___ Dataset content

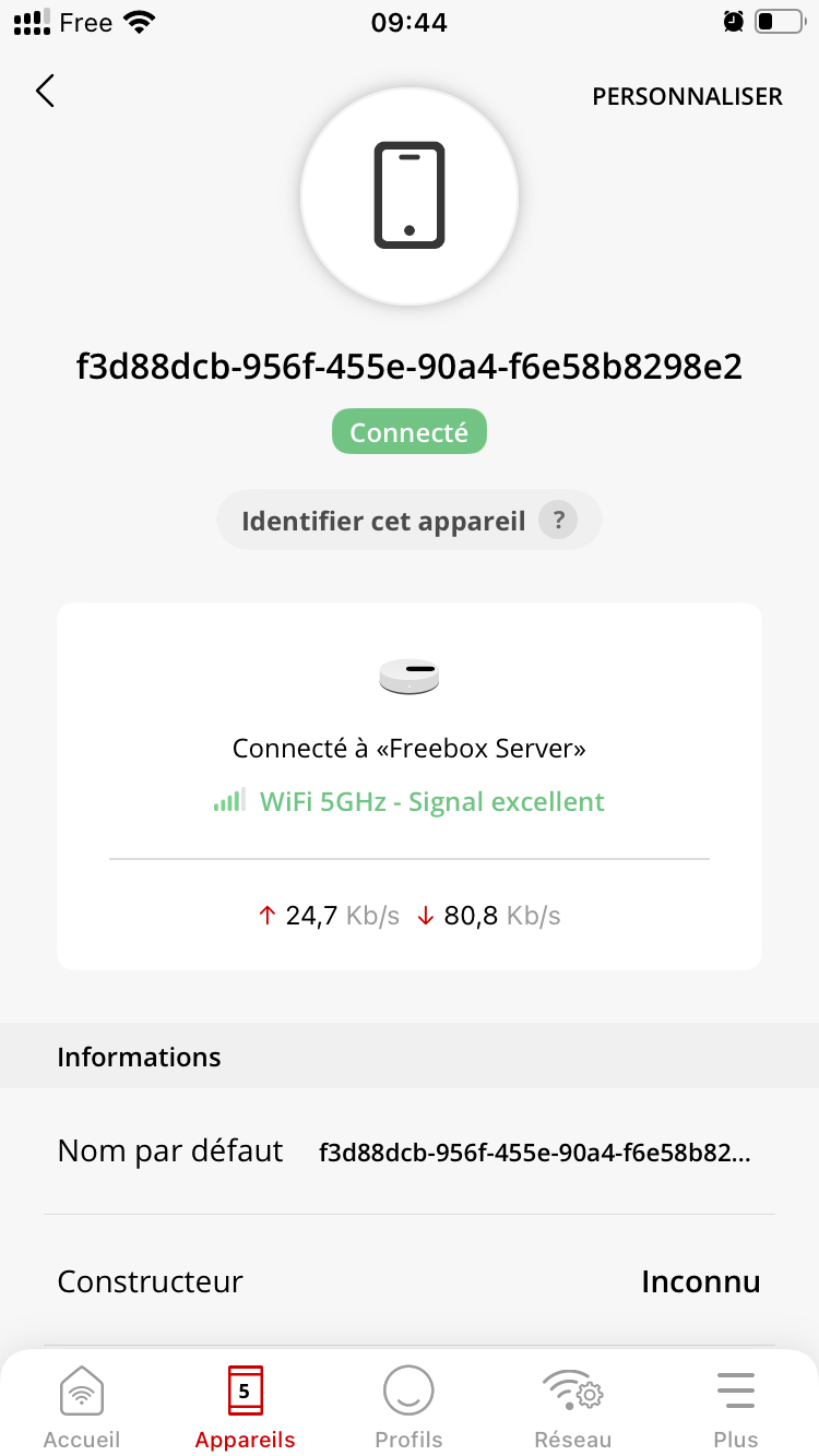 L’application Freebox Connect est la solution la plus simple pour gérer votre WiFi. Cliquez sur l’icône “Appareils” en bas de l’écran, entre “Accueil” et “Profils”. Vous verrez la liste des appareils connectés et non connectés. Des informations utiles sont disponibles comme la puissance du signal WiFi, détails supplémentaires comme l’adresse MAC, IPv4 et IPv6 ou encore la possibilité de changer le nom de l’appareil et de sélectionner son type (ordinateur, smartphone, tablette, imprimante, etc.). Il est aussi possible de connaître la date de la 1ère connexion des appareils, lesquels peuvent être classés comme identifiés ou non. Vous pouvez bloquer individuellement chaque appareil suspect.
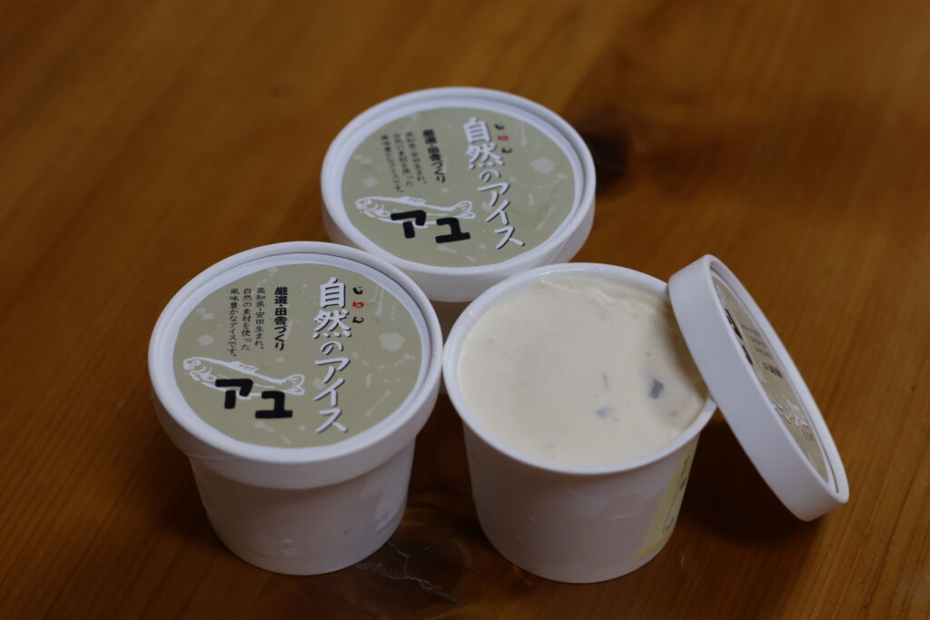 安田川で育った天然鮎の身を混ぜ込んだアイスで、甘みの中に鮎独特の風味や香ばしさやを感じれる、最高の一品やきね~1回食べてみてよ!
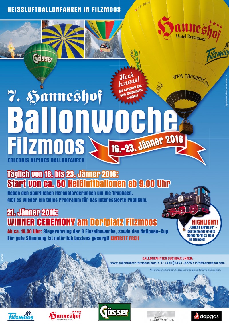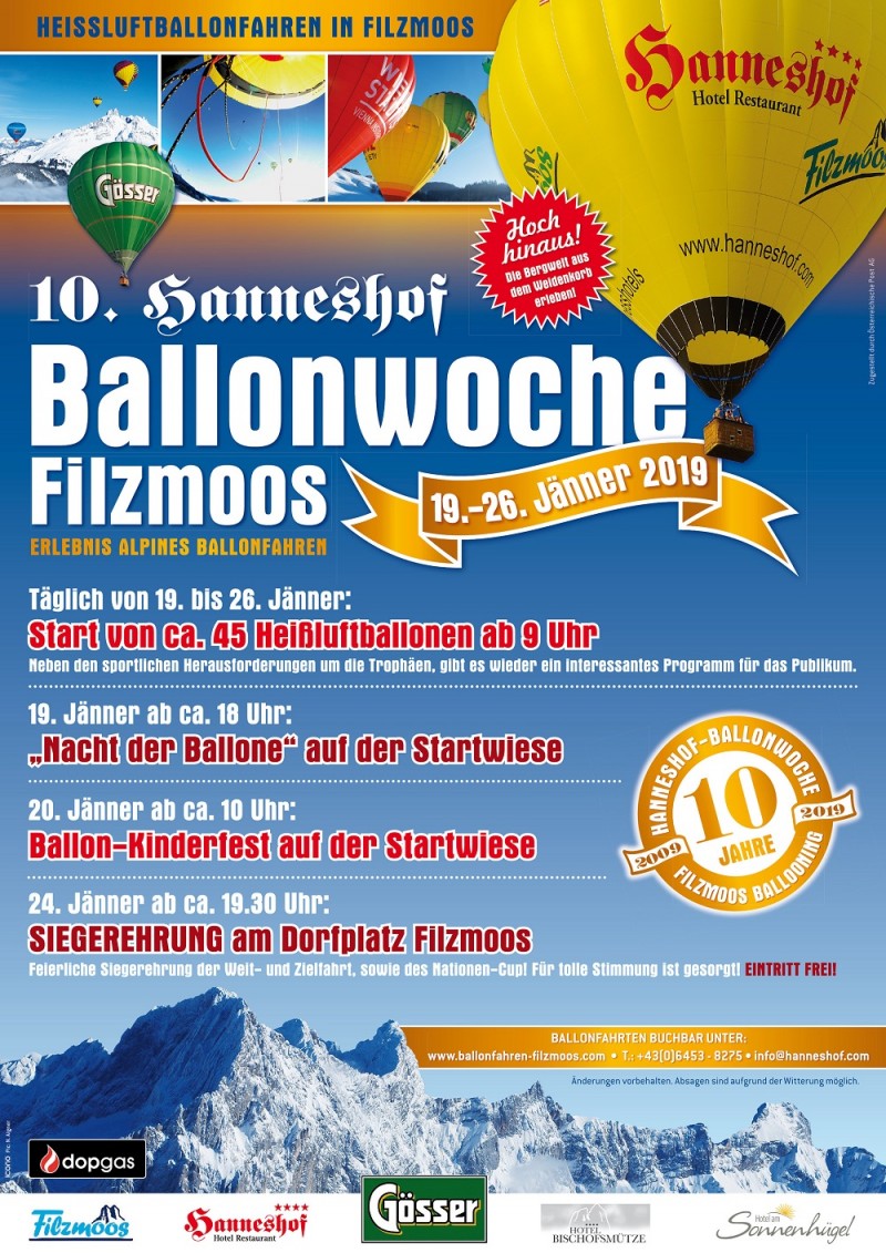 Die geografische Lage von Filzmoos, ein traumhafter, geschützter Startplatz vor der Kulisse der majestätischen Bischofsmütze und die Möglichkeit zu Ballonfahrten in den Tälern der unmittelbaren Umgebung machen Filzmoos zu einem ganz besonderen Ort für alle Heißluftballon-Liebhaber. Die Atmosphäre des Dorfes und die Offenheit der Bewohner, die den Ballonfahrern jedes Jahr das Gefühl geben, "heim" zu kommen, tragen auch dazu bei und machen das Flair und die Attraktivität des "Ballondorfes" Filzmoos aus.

______

_Assigned task_: Omit pictures; set down the rest of the material word for word.

_Output below_:
 L’application Freebox Connect est la solution la plus simple pour gérer votre WiFi. Cliquez sur l’icône “Appareils” en bas de l’écran, entre “Accueil” et “Profils”. Vous verrez la liste des appareils connectés et non connectés. Des informations utiles sont disponibles comme la puissance du signal WiFi, détails supplémentaires comme l’adresse MAC, IPv4 et IPv6 ou encore la possibilité de changer le nom de l’appareil et de sélectionner son type (ordinateur, smartphone, tablette, imprimante, etc.). Il est aussi possible de connaître la date de la 1ère connexion des appareils, lesquels peuvent être classés comme identifiés ou non. Vous pouvez bloquer individuellement chaque appareil suspect.
 安田川で育った天然鮎の身を混ぜ込んだアイスで、甘みの中に鮎独特の風味や香ばしさやを感じれる、最高の一品やきね~1回食べてみてよ!
 Die geografische Lage von Filzmoos, ein traumhafter, geschützter Startplatz vor der Kulisse der majestätischen Bischofsmütze und die Möglichkeit zu Ballonfahrten in den Tälern der unmittelbaren Umgebung machen Filzmoos zu einem ganz besonderen Ort für alle Heißluftballon-Liebhaber. Die Atmosphäre des Dorfes und die Offenheit der Bewohner, die den Ballonfahrern jedes Jahr das Gefühl geben, "heim" zu kommen, tragen auch dazu bei und machen das Flair und die Attraktivität des "Ballondorfes" Filzmoos aus.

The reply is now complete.